The availability of push payments technology today has leapfrogged those in the financial services sector waiting for new technologies and systems to deliver fast funds tomorrow. Push payments are instant, guaranteed, protected, and, best of all, trusted and comfortable for the consumer.

This capability creates both an outsized opportunity and a tremendous risk for banks, businesses, and many traditional payment instrument providers.

visa contactless debit card
Visa Inc. and contactless payment logos sit on a debit card in this arranged photograph, in London, U.K., on Friday, May 22, 2015. Credit and debit cards that can be used by tapping the reader are gaining users, and mobile apps are set to further boost the popularity of contactless paying. Photographer: Simon Dawson/Bloomberg
Simon Dawson/Bloomberg

As insurance companies, payroll issuers and other legacy paper check payers seek to capitalize on the cost savings of and consumer preference for push payments, they must move quickly to offer push payment functionality or risk being left behind by customers.

Similarly, payment providers have an opening to become the preferred account destination within a consumer wallet, but those that do not move aggressively risk being relegated to the wallet periphery behind other bank, debit card and online accounts.

A number of individual network solutions like Visa Direct support a push versus a pull of funds so that money can instantly be funded back to a card or account. By joining these one-off networks together, it’s possible to build a ubiquitous push payments solution that delivers complete consumer choice.

These payments operate on existing card network rails and rely on the same sponsor bank and acquirer system as merchant transactions. In this way, the process is familiar to consumers since they simply swipe or share their card numbers. No need to memorize bank account numbers or set up a new digital wallet. But the market for push payments is remarkably bigger, and, estimated at $30 trillion, six times greater than the debit market, encompassing all types of paper and electronic transactions: corporate disbursements, payroll, contractor payments, insurance payouts, loan proceeds, and more.

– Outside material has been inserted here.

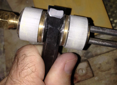 I have a couple of different types of honing guides that I use fairly regularly and I find the Kell honing guide provides the best results on this chisel. Part of what went into this decision was the way the Kell honing guide holds the tool you're sharpening. The Kell honing guide has two reference bars that run between the two wheels, which have flat and square inside surfaces. I've had great results honing and maintaining a square-shaped cutting edge using this guide, as long as I did my part to verify the tool was in contact with both the bars and the wheels. The only time I've had a problem is when I didn't notice that the tool wasn't resting on the bars, which can end up with results not too dissimilar from the way my chisel arrived out of square. My other honing guides were less absolute, especially for narrow chisels that you intend to hone totally square and can require more effort in the setup phase to know for sure its right.
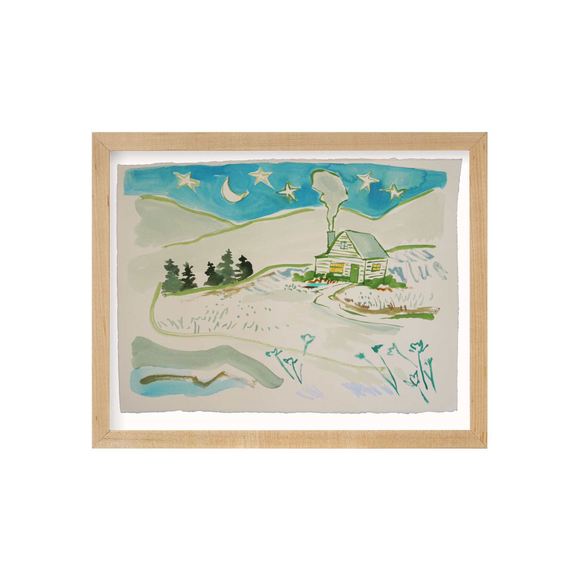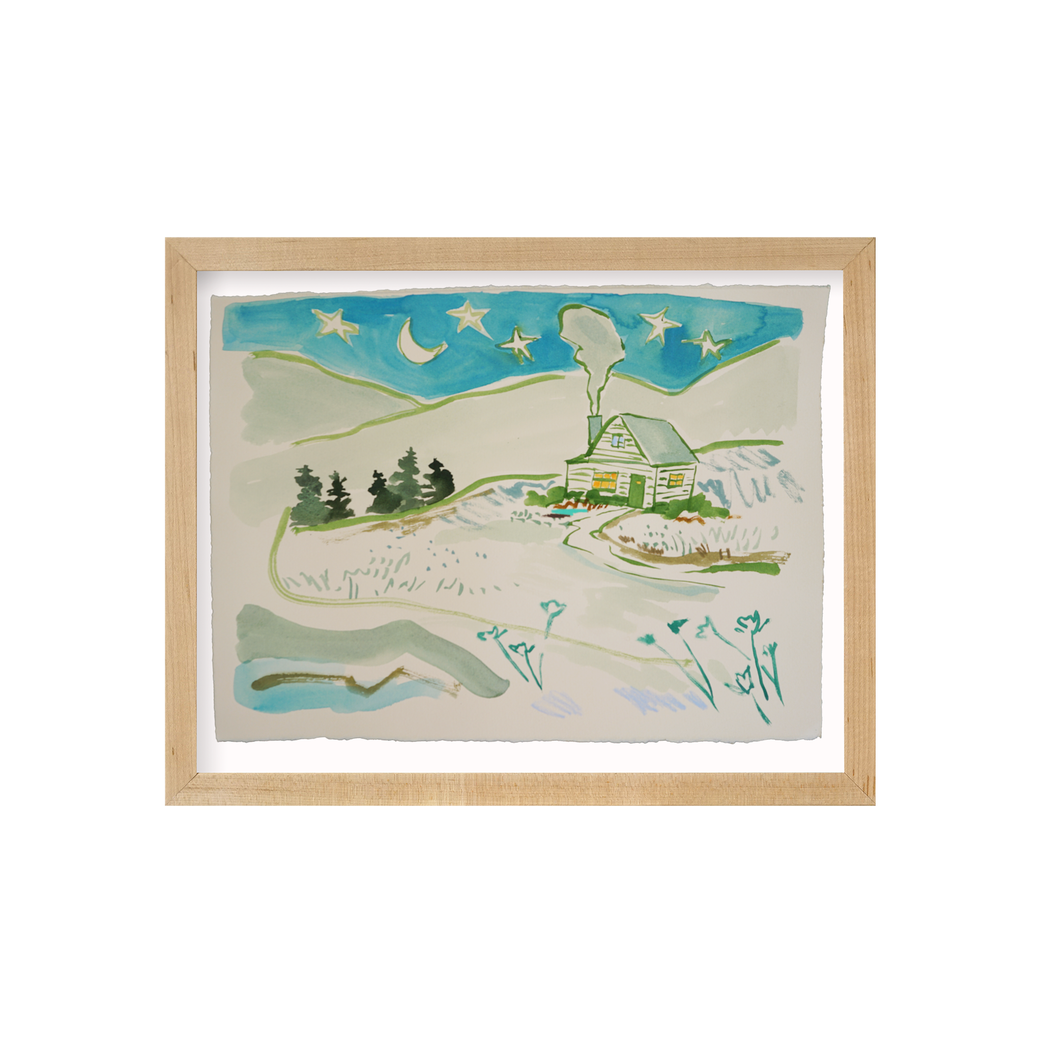 Acrylic, pencil, and wax pastel on BFK Rives 280gsm paper floated in an optional Natural Wood Floated Frame

Early adopters of this capability have been P-to-P payments applications like Square Cash, consumer facing services, and digital only company disbursements like Uber. Now, the availability of push payment platforms and gateways have extended the capability for push payments to those that send legacy paper check like insurance companies, large employers, retailers, and more.

These companies are incentivized by speed of payment (instant), consumer loyalty (choice and convenience), and cost savings (up to $10 per paper check issued). Payment originators that move quickly can be seen as innovative by their customers while significantly improving their bottom line performance. By enabling complete consumer choice, payors drive higher satisfaction and engender long-term loyalty.

A generation of consumers and contractors raised on smartphones expects to receive payments instantly into the account of their choice since they will not suffer disruptions or excuses. Their blame for failed transactions or delays will fall on the shoulders of the originator, not the underlying technology providers. To mitigate this risk, payors must choose providers that deliver ubiquity or reach to end consumer financial accounts, redundancy for guaranteed transactions in the case of a network failure, and simple integration for required bank sponsorship, compliance, and other features.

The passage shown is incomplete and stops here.